HC Deb 23 February 1914 vol 58 cc1413-4W
Mr. SNOWDEN

asked the Chancellor of the Exchequer if he will state in whom is vested the power of appointing the Public Works Loans Board; who appoints the secretary to the Board; if an appointment has been made to fill the vacancy of secretary, and, if so, who has been appointed and what were his qualifications for the post; if there were other candidates for the post, how many; if there was no official on the administrative staff capable of filling the post; if he will explain why the post of assistant secretary to the Board, which was abolished in 1897, has been revived, and by whom has it been filled; if the person appointed to this post is related to any members or late members of the Board or officials of the Board; and if he was a member of the Civil Service, when did he enter and in what capacity?

Mr. MONTAGU

The Public Works Loan Commissioners are appointed by a special Act of Parliament. The latest of such Acts was the Public Works Loans Act, 1910, which appointed the gentlemen named therein for a period of five years from 1st April, 1911. Similar Acts have been passed quinquennially since the date of the Public Works Loans Act, 1875, by which the Public Works Loan Board was first constituted in its present form. The appointment of Secretary to the Boards vests in the Commissioners under the Act last quoted, and they have recently filled a vacancy in the post by the promotion thereto of the chief clerk, Mr. G. A. Calder, the official on the administrative staff of the office next in rank to the secretary. His service with the Board dates back to 1876, when he entered as a lower division clerk. The post of Assistant-Secretary to the Board has not been revived as a separate post, but the title of the post of the chief clerk has been altered to "Assistant Secretary and Chief Clerk" without change in the scale of salary.
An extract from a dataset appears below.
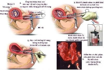 Phương pháp hút chân không: Áp dụng cho thai từ 8- 12 tuần tuổi bằng kỹ thuật bơm hút chân bằng ống siêu dẫn trực quan kết hợp với màn hình kỹ thuật số, soi buồng tử cung định vị chính xác túi thai đưa thai ra ngoài mà không làm tổn thương tử cung.

This has been done in order that there might be an officer authorised in the Secretary's absence to perform any act which is required to be performed by the Secretary under the terms of the Regulations issued under the Act of 1875 already quoted. This post, rendered vacant by Mr. Calder's promotion to be Secretary, has been filled, with Treasury approval, by the promotion of Mr. H. G. H. Barnes, previously Chief Clerk to the Board's Solicitor and himself a qualified solicitor. I am informed that Mr. Barnes, who is a son of a former Solicitor to the Board who died in 1900, entered the service of Chief Clerk to the Board's present Solicitor in 1910, and that he is unrelated to any present or past Member of the Board or any official of the Board.